What about long COVID?
Some people with SARS-CoV-2 develop prolonged symptoms that can last for months or years. In some cases, this is due to organ damage in people who had very advanced disease. About 10% of people develop a chronic condition known as long COVID. This is most likely to occur after severe illness, but some young, healthy people with mild illness still develop long COVID. Studies have shown that vaccination and treatment with Paxlovid or metformin may lower the risk of long COVID.

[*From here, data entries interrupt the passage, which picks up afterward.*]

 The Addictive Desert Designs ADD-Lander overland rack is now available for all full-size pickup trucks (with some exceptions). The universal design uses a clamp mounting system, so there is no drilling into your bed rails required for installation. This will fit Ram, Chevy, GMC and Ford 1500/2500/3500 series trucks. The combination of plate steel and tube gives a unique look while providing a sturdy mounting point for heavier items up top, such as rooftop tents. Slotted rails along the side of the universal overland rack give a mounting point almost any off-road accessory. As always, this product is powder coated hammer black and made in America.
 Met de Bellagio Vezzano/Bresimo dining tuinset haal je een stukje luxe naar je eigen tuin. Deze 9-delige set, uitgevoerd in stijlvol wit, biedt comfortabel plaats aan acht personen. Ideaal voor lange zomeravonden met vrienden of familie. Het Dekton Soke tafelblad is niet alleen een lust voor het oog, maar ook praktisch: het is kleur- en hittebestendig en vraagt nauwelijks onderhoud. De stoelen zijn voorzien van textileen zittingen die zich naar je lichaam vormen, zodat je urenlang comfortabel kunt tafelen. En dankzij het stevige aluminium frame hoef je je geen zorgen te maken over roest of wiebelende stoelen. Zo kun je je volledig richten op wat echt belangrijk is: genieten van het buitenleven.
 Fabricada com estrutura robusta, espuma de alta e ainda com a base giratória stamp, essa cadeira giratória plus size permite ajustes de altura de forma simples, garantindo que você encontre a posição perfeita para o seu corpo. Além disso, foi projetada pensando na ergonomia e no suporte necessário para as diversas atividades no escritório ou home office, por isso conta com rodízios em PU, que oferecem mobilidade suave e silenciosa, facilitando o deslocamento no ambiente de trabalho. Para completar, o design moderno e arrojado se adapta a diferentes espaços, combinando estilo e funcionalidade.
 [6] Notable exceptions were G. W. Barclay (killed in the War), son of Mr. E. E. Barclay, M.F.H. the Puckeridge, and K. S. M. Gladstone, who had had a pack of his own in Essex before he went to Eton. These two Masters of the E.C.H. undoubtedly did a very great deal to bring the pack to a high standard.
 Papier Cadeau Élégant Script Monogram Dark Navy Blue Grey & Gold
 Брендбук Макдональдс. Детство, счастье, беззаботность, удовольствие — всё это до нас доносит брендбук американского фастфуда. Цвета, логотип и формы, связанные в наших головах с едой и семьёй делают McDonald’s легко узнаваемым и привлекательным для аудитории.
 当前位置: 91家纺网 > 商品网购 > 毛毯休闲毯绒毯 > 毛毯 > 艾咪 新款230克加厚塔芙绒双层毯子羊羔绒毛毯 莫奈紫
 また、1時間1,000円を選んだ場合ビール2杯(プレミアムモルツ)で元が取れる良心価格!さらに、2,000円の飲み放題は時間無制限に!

People with long COVID have reported more than 200 symptoms. These include severe fatigue, brain fog (cognitive impairment), postural orthostatic tachycardia syndrome (changes in heart rate and blood pressure when standing up) and post-exertional malaise (inability to recover from physical or mental exertion). In many cases, long COVID resembles myalgic encephalomyelitis/chronic fatigue syndrome, which is often triggered by a viral infection. In some cases, the condition can be disabling.

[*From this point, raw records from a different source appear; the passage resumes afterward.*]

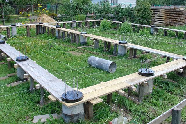 Ее размерфы близки к параметрам мелкозаглубленного ленточного основания, поэтому вся методика изготовления бетонного ростверка максимально приближена к технологии отливки ленты.
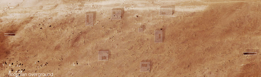 Inspired by the many hiking trips that the two students from China have enjoyed during their studies at ETHZ, the entry is based on the idea of a hypothetical mudflow in the Swiss Alps burying a village. The project works with columns of transparent thermoplastic planted into the earth as a metaphorical representation of the former village. Sunlight is being transmitted through the columns into the subterranean space, where they illuminate a poetic memory of the former rooms in the buried houses.
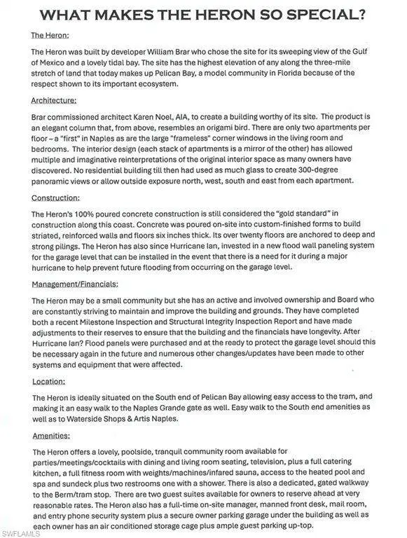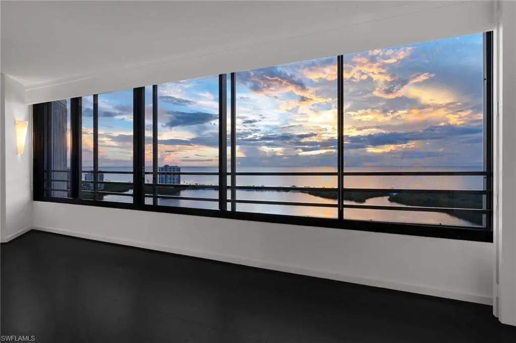 Nestled in the heart of Naples, this exceptional 21st floor end unit offering over 2400sqft, is a fusion of modern elegance and coastal charm, a fully renovated sanctuary where clean lines rule the day. A true gem offering serene living with modern luxury and is just waiting to be your idyllic retreat. Start your mornings with breathtaking, uninterrupted panoramic views of the Gulf and Clam Pass through expansive walls of sliding windows that open and two mitered glass corner windows, a design marvel that invites the serene beauty of sunsets year-round. This residence is a haven for culinary aficionados, boasting loads of storage space and stainless high-end appliances, including Sub Zero, which cater to your every culinary whim. The generous primary suite with Gulf front sitting area has LONG water views & lovely sleek bath offering two sinks, an oversized glass shower, ample storage, and a fully outfitted walk in closet. Guests are tucked away in their own suite with VIEWS of Pelican Bay plus full bath & even more closets. The Heron is an intimate, well-appointed building with just 2 units per floor and 40 units total: lives like having your own home in the sky! This gem has a fabulous great room style floorplan with forever views that take center stage. Immerse yourself in the Pelican Bay lifestyle replete with unparalleled community amenities: miles of beach, nature paths to explore, private beachfront restaurants for savored moments, and beach services that redefine relaxation. Engage in a variety of lifestyle events and wellness classes at the full-service fitness center, or indulge in the thrill of tennis or pickleball on pristine courts, with pro shops at your service. A community center, canoes, kayaks, and sailing bring adventure to your doorstep, while bespoke nutrition services in the wellness studio cater to your well-being. Ideally situated within walking distance to Waterside Shops & Artis Naples, convenience meets sophistication in this sky-high blank canvas where you can craft your dream home
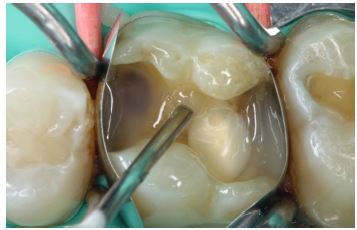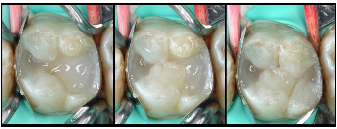 Bajo aislamiento absoluto con goma dique, utilizando un sistema de banda matriz metálica pre- contorneada sujetas con cuñas de madera y anillos metálicos de sección circular (Quickmat DELUXE, Polydentia, Switzerland), se procedió a realizar protección pulpo-dentinaria con ionómero de vidrio modificado por resina (Riva light cure HV, SDI, Australia) solamente en la caja distal en la cual se observaba mayor profundidad y cercanía al complejo pulpar.
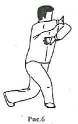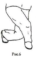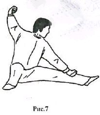 4. «Пубу». В этой стойке стопы расположены перпендикулярно друг другу па расстоянии равном ддине нот. Одна нога максимально согнута в коленном суставе, в то время как другая полностью выпрямлена. В левосторонней стоике вес тела смещен на правую ногу почти на 100 процентов. При этом левая нога опирается о поверхность земли пяткой (рис. 7).

The biology of long COVID is not well understood. Leading hypotheses include persistent SARS-CoV-2 infection, reactivation of existing latent viruses (such as Epstein-Barr virus), a leaky gut, changes in the microbiome, abnormal immune responses that persist after acute infection and autoimmunity. Ongoing immune activation and inflammation can cause problems throughout the body, such as abnormal blood clotting, mitochondrial dysfunction, hormonal imbalances and impaired neurological signaling.
People with long COVID have tried a wide variety of treatments, including antivirals, blood thinners, beta blockers, statins, antihistamines, probiotics and low-dose naltrexone. While some patients report improvement, and some therapies have shown some benefit in small studies, there are currently no approved treatments, and this is an active area of clinical research.